(DATA PROVIDED begins)

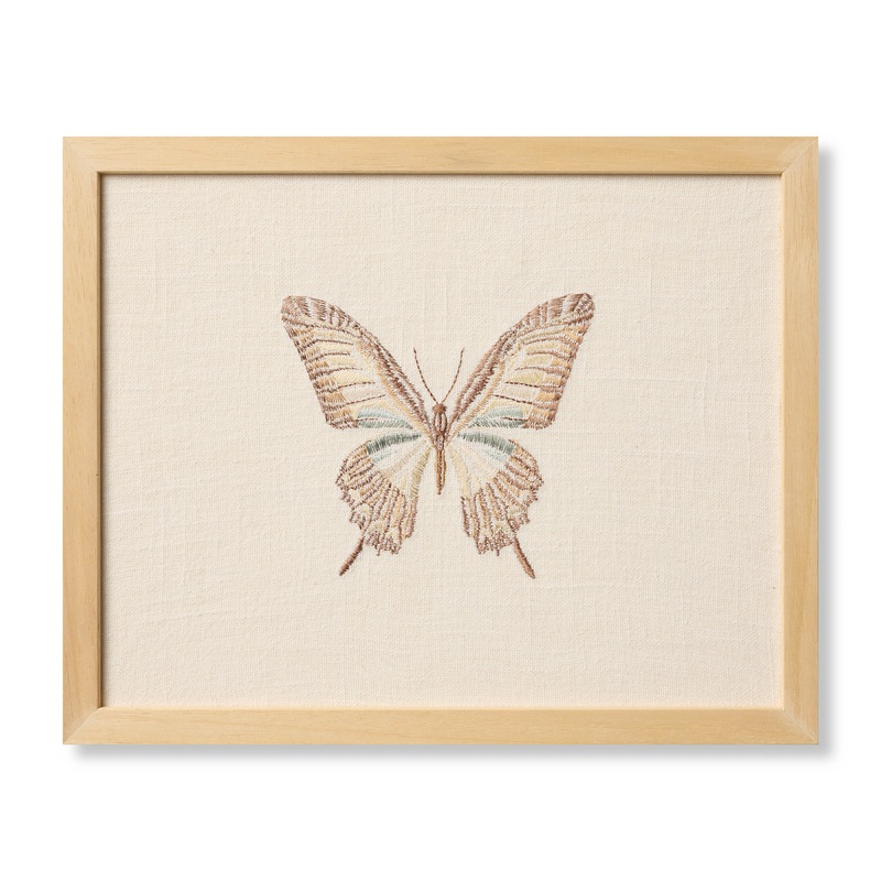 Butterfly wall art features a delicately minimal embroidered beige butterfly, a beautiful accent piece for many home decor styles, from farmhouse to traditional. The artwork is made in India of cotton and custom framed by Loloi in the USA, measuring 15 x 12.
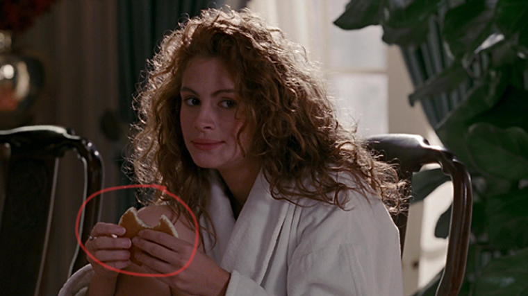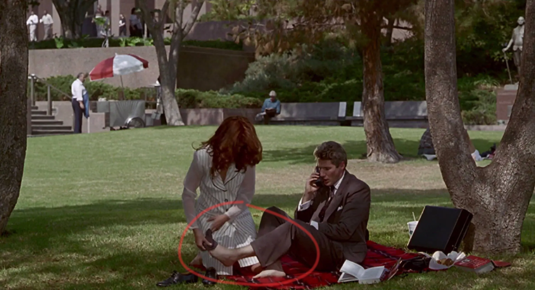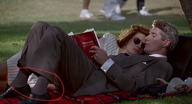 В сценах с пикником главные герои расположились на красном покрывале в городском парке. Пока Эдвард увлеченно болтал по телефону, персонаж Джулии Робертс время зря не теряла. Она сняла деловые туфли и носки с Ричарда Гира.
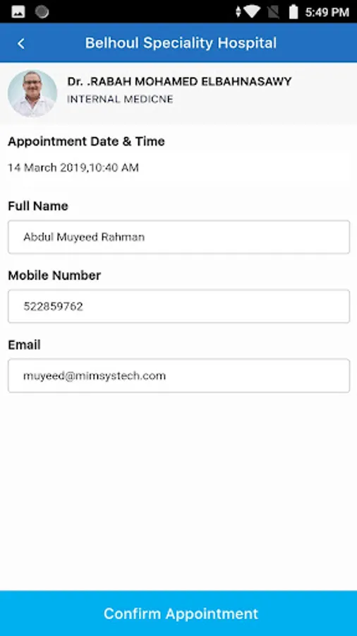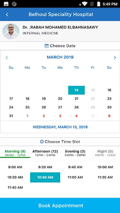 ● Search for available appointment slots of the BSH doctors and book appointments with them.
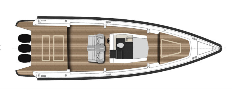Тот самый ранэбаут с карбоновым корпусом и модным резким силуэтом, который привлёк к себе много внимания во время осеннего яхтенного фестиваля в Каннах, оснастили 4-мя моторами Mercury Racing 450R,
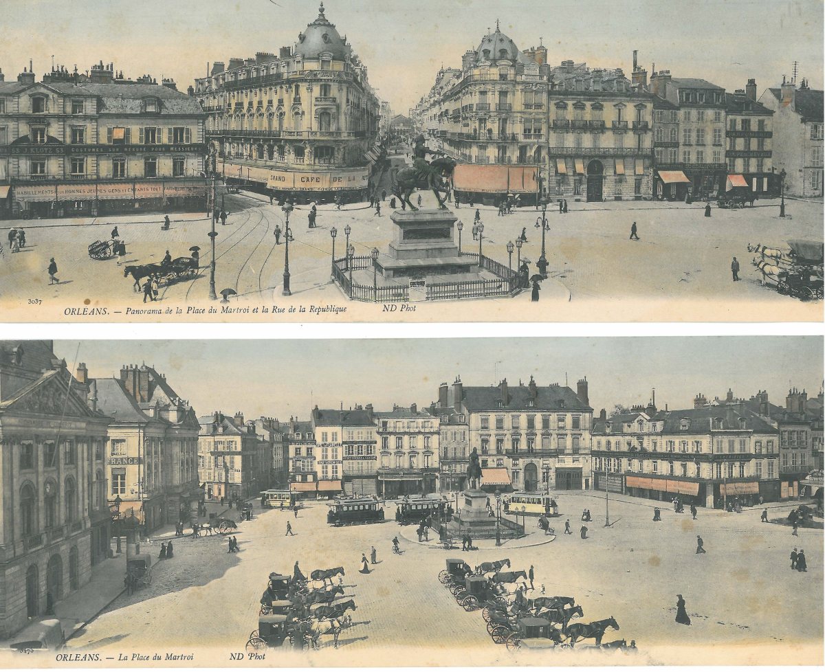 FRANCE. QUATRE CARTES POSTALES COULEUR PANORAMIQUES: "Orléans. - La Place du Martoi"; "Orléans. - Panorama de la Place du Martoi et la Rue de la République"; "Olivet. - Vue sur le Loiret prise du Pont (en amont)" et "La Source du Loiret".

(DATA PROVIDED ends)

## INSTRUCTIONS FOR THE TASK
Each entry above should be restated word for word, though no picture may appear in the copy.

## SOLVED EXERCISE
 Butterfly wall art features a delicately minimal embroidered beige butterfly, a beautiful accent piece for many home decor styles, from farmhouse to traditional. The artwork is made in India of cotton and custom framed by Loloi in the USA, measuring 15 x 12.
 В сценах с пикником главные герои расположились на красном покрывале в городском парке. Пока Эдвард увлеченно болтал по телефону, персонаж Джулии Робертс время зря не теряла. Она сняла деловые туфли и носки с Ричарда Гира.
 ● Search for available appointment slots of the BSH doctors and book appointments with them.
Тот самый ранэбаут с карбоновым корпусом и модным резким силуэтом, который привлёк к себе много внимания во время осеннего яхтенного фестиваля в Каннах, оснастили 4-мя моторами Mercury Racing 450R,
 FRANCE. QUATRE CARTES POSTALES COULEUR PANORAMIQUES: "Orléans. - La Place du Martoi"; "Orléans. - Panorama de la Place du Martoi et la Rue de la République"; "Olivet. - Vue sur le Loiret prise du Pont (en amont)" et "La Source du Loiret".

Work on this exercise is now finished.